NKorea bomb test would draw tough response

Remigio Civitarese
Settembre 24, 2017

That makes Ri "a bona fide princeling", according to the North Korea Leadership Watch website.

U.S. President Donald Trump added economic action to his fiery military threats against North Korea on Thursday, authorizing stiffer new sanctions in response to the North's nuclear weapons advances.

"It really depends where they explode the device and what the weather patterns are like at that time", said Melissa Hanham, a senior researcher also with the Center for Nonproliferation Studies. It drew a sharp rebuke from the North's Foreign Minister Ri Yong Ho, who said "It would be a dog's dream if he meant to scare us with the sound of a dog barking".

Prices seemed unaffected by the rhetoric going back and forth between the US and North Korea. Later the same year, an unidentified North Korean defense commission spokesman called U.S. Secretary of State John Kerry a wolf with a "hideous lantern jaw", but again only in Korean.

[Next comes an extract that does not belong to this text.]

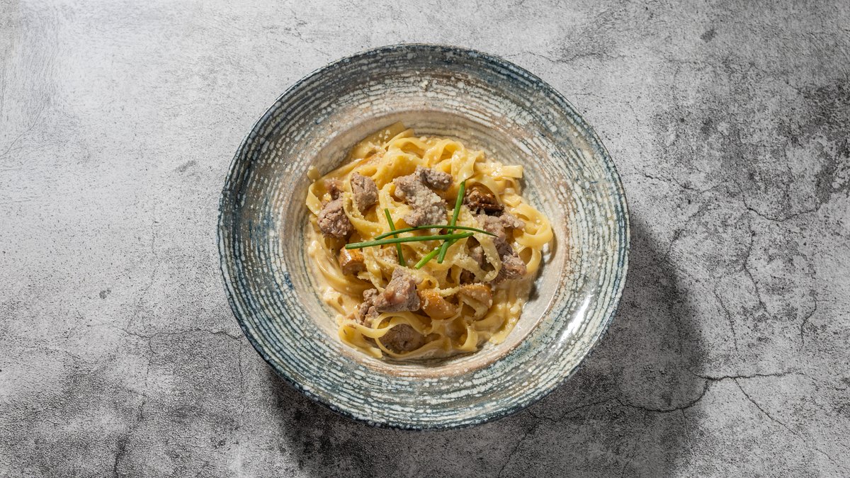 Fettuccine pasta med stykker af mørbrad, vendt i en cremet svampesauce. Toppet med parmesan.
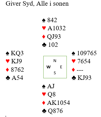 Ruterstikkene ble tatt med dsamme, og øst kom tidlig i trøbbel. Det er ikke lett for han, men han syndet for så vidt mot en viktig regel da han etter hvert ga opp en hjerter ved å kaste syveren. Regelen jeg sikter å holde like mange kort i en farge som du ser spillefører rår over.

That was before the arrival of Trump.

Describing the president as "a rogue and a gangster fond of playing with fire", Kim drew a critical comparison between Trump and his predecessors in the White House, calling him unfit to hold the position of commander in chief.

The 2018 Games are to be staged in Pyeongchang, just 80km from the demilitarised zone between North and South Korea, the world's most heavily armed border.

The biggest takeaway? The supreme leader can throw some shade!

The North conducted its sixth and most powerful nuclear test on September 3 in what it claimed as a detonation of a thermonuclear weapon built for its developmental Hwasong-14 ICBMs.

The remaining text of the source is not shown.